**What you will do**.
The records that follow should be copied out exactly, pictures excluded.

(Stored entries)
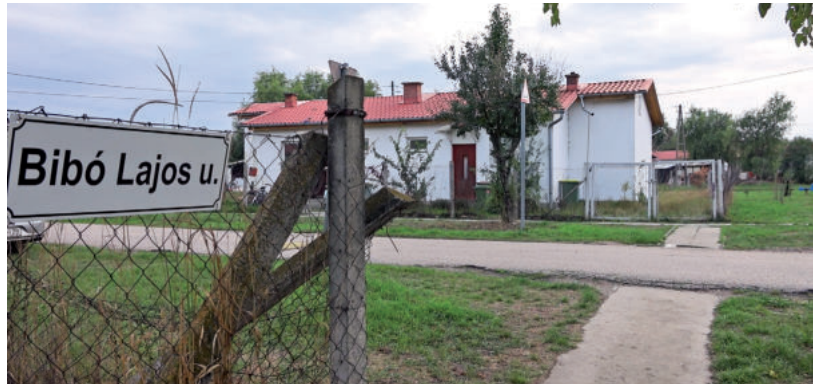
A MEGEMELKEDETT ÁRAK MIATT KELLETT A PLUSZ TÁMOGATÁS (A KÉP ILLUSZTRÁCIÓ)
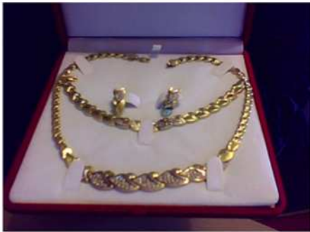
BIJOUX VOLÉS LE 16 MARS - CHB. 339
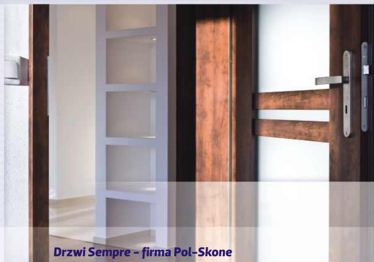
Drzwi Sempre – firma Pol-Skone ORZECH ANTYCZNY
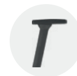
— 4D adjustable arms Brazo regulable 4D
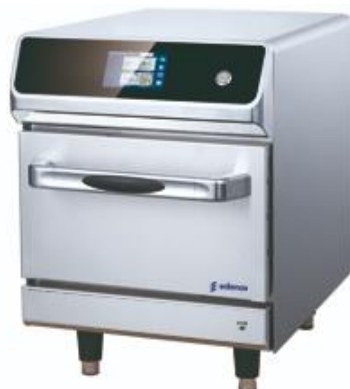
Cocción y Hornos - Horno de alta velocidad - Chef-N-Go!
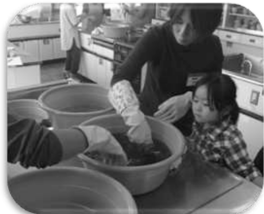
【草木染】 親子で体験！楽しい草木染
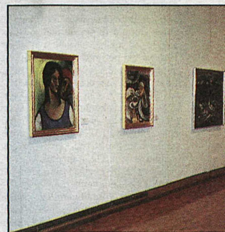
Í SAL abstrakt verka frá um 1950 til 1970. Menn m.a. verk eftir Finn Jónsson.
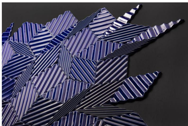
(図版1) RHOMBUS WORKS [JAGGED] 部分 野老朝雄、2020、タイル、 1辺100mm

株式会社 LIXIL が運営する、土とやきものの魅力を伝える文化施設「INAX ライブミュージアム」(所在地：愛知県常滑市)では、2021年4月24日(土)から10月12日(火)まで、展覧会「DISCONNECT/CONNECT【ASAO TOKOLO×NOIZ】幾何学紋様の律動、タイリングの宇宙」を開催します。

**Solution to this exercise**.
A MEGEMELKEDETT ÁRAK MIATT KELLETT A PLUSZ TÁMOGATÁS (A KÉP ILLUSZTRÁCIÓ)
BIJOUX VOLÉS LE 16 MARS - CHB. 339
Drzwi Sempre – firma Pol-Skone ORZECH ANTYCZNY
— 4D adjustable arms Brazo regulable 4D
Cocción y Hornos - Horno de alta velocidad - Chef-N-Go!
【草木染】 親子で体験！楽しい草木染
Í SAL abstrakt verka frá um 1950 til 1970. Menn m.a. verk eftir Finn Jónsson.
(図版1) RHOMBUS WORKS [JAGGED] 部分 野老朝雄、2020、タイル、 1辺100mm

株式会社 LIXIL が運営する、土とやきものの魅力を伝える文化施設「INAX ライブミュージアム」(所在地：愛知県常滑市)では、2021年4月24日(土)から10月12日(火)まで、展覧会「DISCONNECT/CONNECT【ASAO TOKOLO×NOIZ】幾何学紋様の律動、タイリングの宇宙」を開催します。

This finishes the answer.